Races heat up

"...the KIJHL’s Beaver Valley Nitehawks will, literally, be sweating out the first of three home-and-home divisional series..."

While the Smoke Eaters rest and hope the Salmon Arm Silverbacks hit town next week on the heels of two losses, the KIJHL’s Beaver Valley Nitehawks will, literally, be sweating out the first of three home-and-home divisional series that are their quest to overtake the top clubs in the league’s top division.

The first-place Nelson Leafs will be at the Fruitvale ice aerie Friday and host Beaver Valley Saturday. Make no mistake, if Beaver Valley does not sweep those game their hopes of a first place finish and an advantageous playoff pairing with the division’s fourth place Spokane squad will be pretty much gone with the winter.

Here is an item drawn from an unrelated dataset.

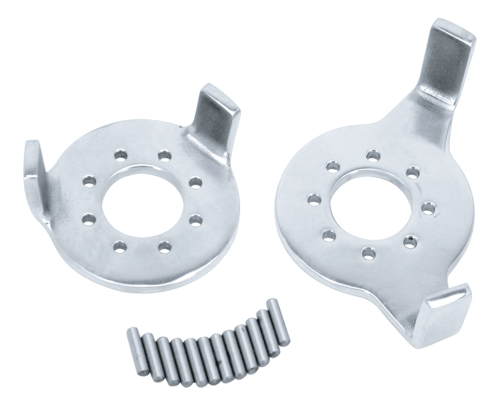 These stainless steel steering stops are great when you install an aftermarket triple tree or front fork in a stock or aftermarket frame. Prevents your forks from damaging the gas tank. These steer stops are installed on the lower triple tree, under the steering head bearing. Just drill 4 holes in the triple tree using the steer stop as a jig and secure the steer stop with the 4 provided pins. Available in two versions, type A for use in FXR, Sportster and Dyna style frames, type B for use in Hardtail, Duo Glide and Softail style frames.
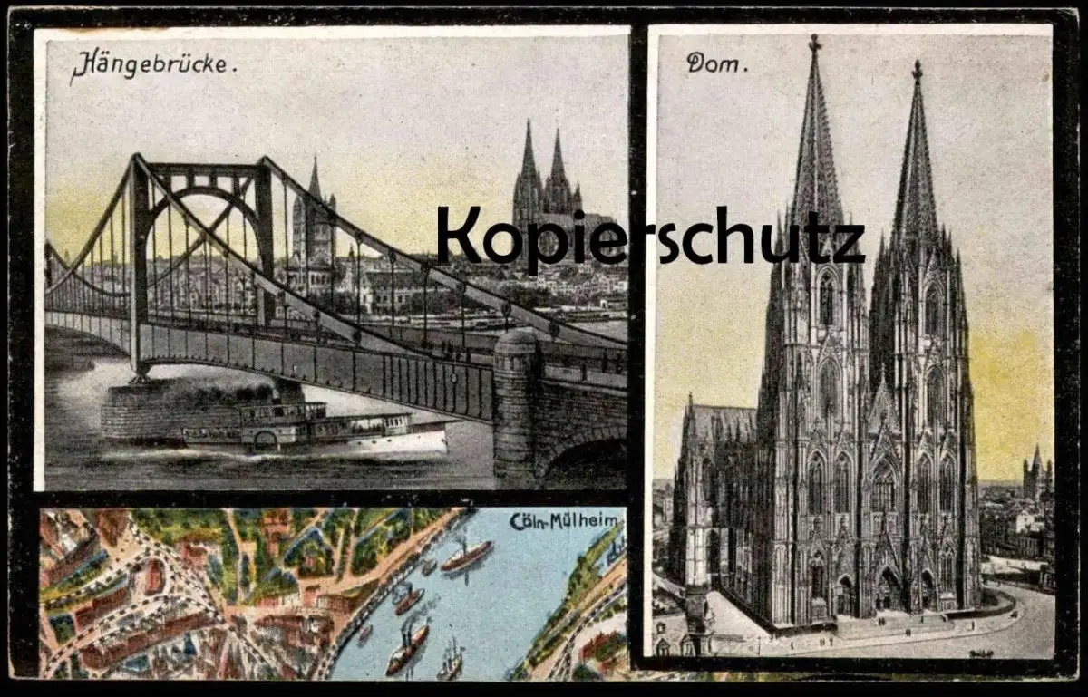 ALTE POSTKARTE CÖLN HÄNGEBRÜCKE RHEIN MÜLHEIM & DOMVerlag: unbekannt

If you like junior hockey (what’s not to like) these should be must-see games.

•Meanwhile, Smoke Eaters and their fans will be, audibly or not, cheering on Chilliwack and Vernon over the weekend so that Trail’s slim and slimming fourth-place chances stay alive.

After a credible performance on the road kept those chances, albeit on life support, alive, the Smokies now have to keep their fingers crossed during their 10-day break that next week’s game against the Silverbacks at Cominco Arena still holds meaning for the team when it arrives.

In the best possible world for the Smoke Eaters Salmon Arm will arrive with only two games in hand and only a two-point lead on Trail – meaning the Smokies could draw level, and retain post season hopes with a win Tuesday night.

Most of Trail’s remaining nine games are at Cominco Arena.

Fewer than half of the Silverback’s last 13 games are in Salmon Arm – and all five of those games in March are on the road – so there is that, but Trail has to face the division-leading and nationally-ranked Penticton Vees four times to close the season.

It is, to say the least, a perilous position for the Smoke Eaters, but there is, that still, small, hope for the future.

•Just a comment on the arts story in Wednesday’s Times. Velen  Vanderlick was called, “Doc,” by everybody who knew him because the nickname fit his academic credentials. He possessed at least three doctorates, including academically-earned ones in Law and Education and at least one awarded honourably to mark a very interesting life and careers path.

Multi-lingual (albeit English was his least fluent) and dedicated to children, education and this area as well as art, Doc was a local treasure. Nice to know more of his work will be available for residents to view.